Największym rynkiem w tej kategorii produktów są obecnie Chiny: szacuje się, że w 2016 r. sprzedano tam 4.3 mld litrów lodów. Kolejne miejsca zajmują Stany Zjednoczone (2.7 mld litrów) i Japonia (756 mln litrów). Jeśli natomiast chodzi o indywidualne spożycie lodów, z badań firmy Mintel wynika, że największymi „lodożercami” są Norwegowie (w 2016 r. spożycie lodów w Norwegii wyniosło 9.8 litra per capita), Australijczycy i Szwedzi (zjadający odpowiednio po 9.4 i 8.9 litra lodów rocznie na osobę).
 

 - Historycy zajmujący się żywnością przypisują wynalezienie lodów Chińczykom; do Europy — konkretnie do Włoch — przywiózł je zaś Marco Polo, wracający z podróży po Dalekim Wchodzie. W XXI w. zachodni producenci lodów znów coraz częściej spoglądają na Wschód, szukając tam inspiracji pozwalających pobudzić sprzedaż. Z pewnością warto zwrócić uwagę na tempo, w jakim rozwija się rynek lodów w Indiach. Niskie spożycie jednostkowe lodów dostępnych w handlu świadczy o fascynujących możliwościach w tym (drugim na świecie pod względem liczby ludności) kraju; producenci lodów nie powinni jednak lekceważyć konkurencji ze strony sprzedawców ulicznych - dodaje Alex.
 

Popularność lodów w krajach Wschodu faktycznie rośnie: w 2016 r. co trzeci nowy produkt z tej kategorii (32%) wprowadzono na rynek w regionie Azji i Pacyfiku.

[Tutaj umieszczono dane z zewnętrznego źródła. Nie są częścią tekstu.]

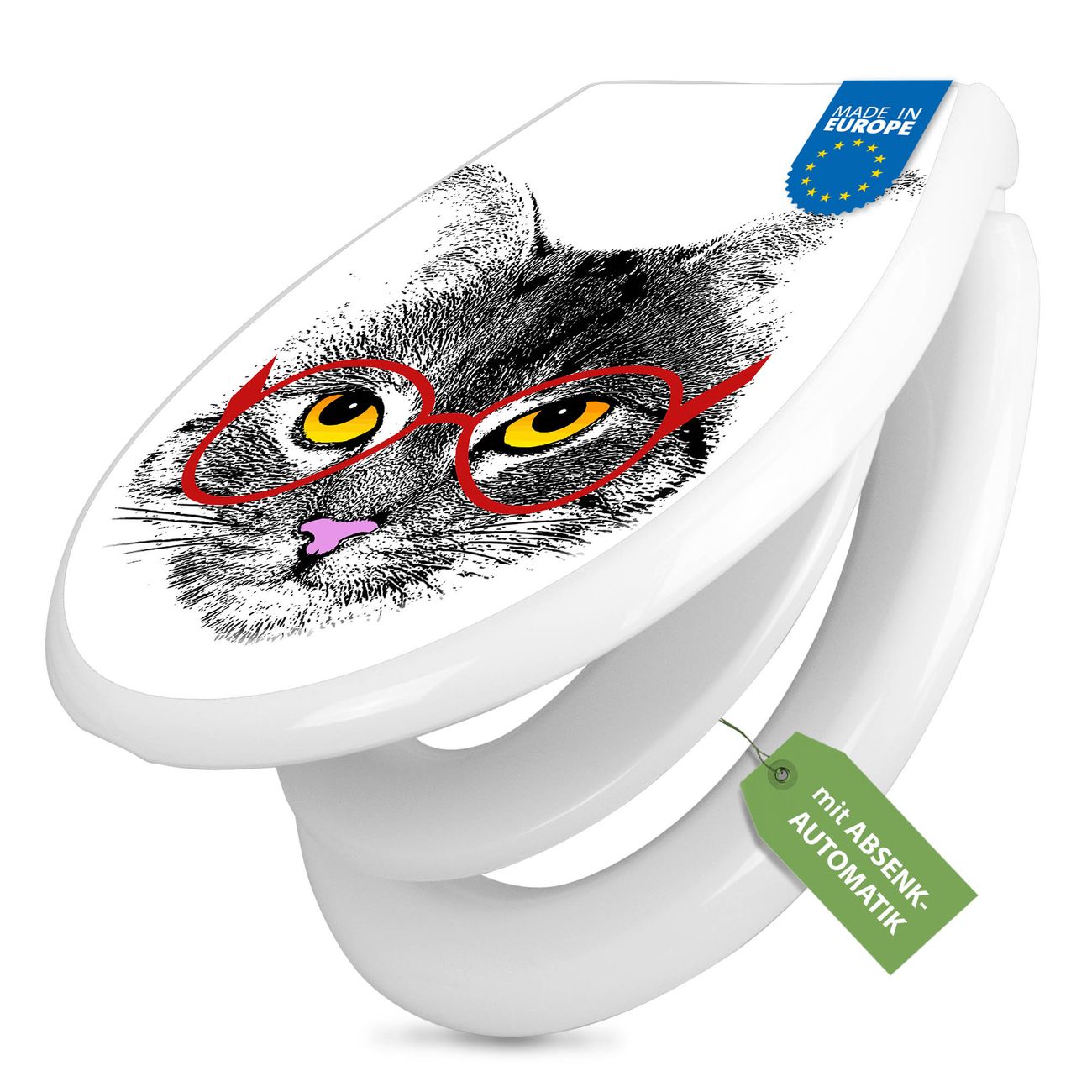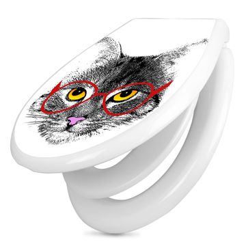 Toilettendeckel weiß mit Absenkautomatik Motiv Intellicat
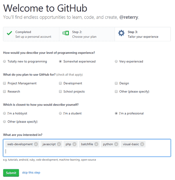 Github为了分析用户设置了几道问卷题,可以如实回答也可以随便填写。第一道题单选问你的经验如何,A:经验丰富 B:还凑和 C:完全新手 ;第二道题多选问你想用github做什么用,A:学校项目 B:开发 C:设计 D:研究 E:项目管理 F:其它;第三道题单选问你怎么描述自己 A:我是专业人员 B:我是业余爱好者 C:我是学生 D:其它 .第四道简答题,说一下你的兴趣。答完后点击绿色按钮,submit提交问卷。
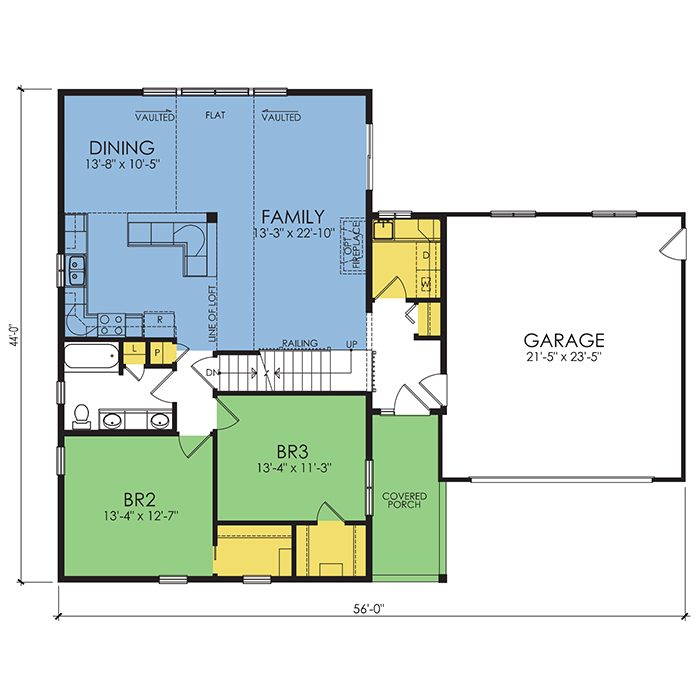 A part of our dream series, the tamarack floor plan features 3 bedrooms and 1.5 bathrooms with a foot print of 44x30 feet and 1342 total square feet of living space.
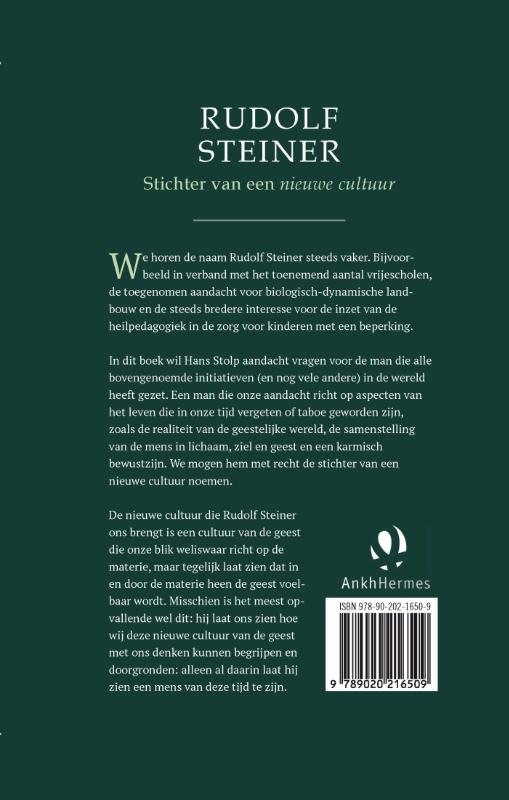 In dit boek wil Hans Stolp aandacht vragen voor de man die alle bovengenoemde initiatieven (en nog vele andere) in de wereld heeft gezet. Een man die onze aandacht richt op aspecten van het leven die in onze tijd vergeten of taboe geworden zijn, zoals de realiteit van de geestelijke wereld, de samenstelling van de mens in lichaam, ziel en geest en een karmisch bewustzijn. Om zijn visie mogen we hem met recht de stichter van een nieuwe cultuur noemen.

W 2013 r. odsetek ten wynosił 26%. Co więcej, udział nowych lodów wprowadzonych na rynek w Ameryce Północnej zmniejszył się w tym samym okresie z 19 do 14%.
 

Konsumenci z Zachodu, wyraźnie zainteresowani innowacjami produktowymi, coraz częściej szukają lodów o smakach inspirowanych kuchnią Wschodu. Aż 20% Włochów, 17% Polaków, 16% Francuzów, 12% Hiszpanów i 11% Niemców chciałoby spróbować lodów zawierających bardziej egzotyczne składniki, takie jak wasabi, zielona herbata czy szafran.

- W Stanach Zjednoczonych lody mochi, japoński deser z mrożonego ciasta ryżowego z lodowym nadzieniem, będą w 2017 r. zyskiwać coraz większą popularność. Zainteresowaniem amerykańskich mediów cieszą się również rolowane lody tajskie, często typowane na kolejny przebój w świecie deserów. Warte uwagi innowacje w kategorii lodów pochodzą też z Bliskiego Wschodu. Przykładem są choćby tradycyjne lody z Syrii i Libanu zwane booza. Mają one jedną wyraźną zaletę, która powinna zyskać uznanie na całym świecie: bardzo wolno się topią - podsumowuje Alex.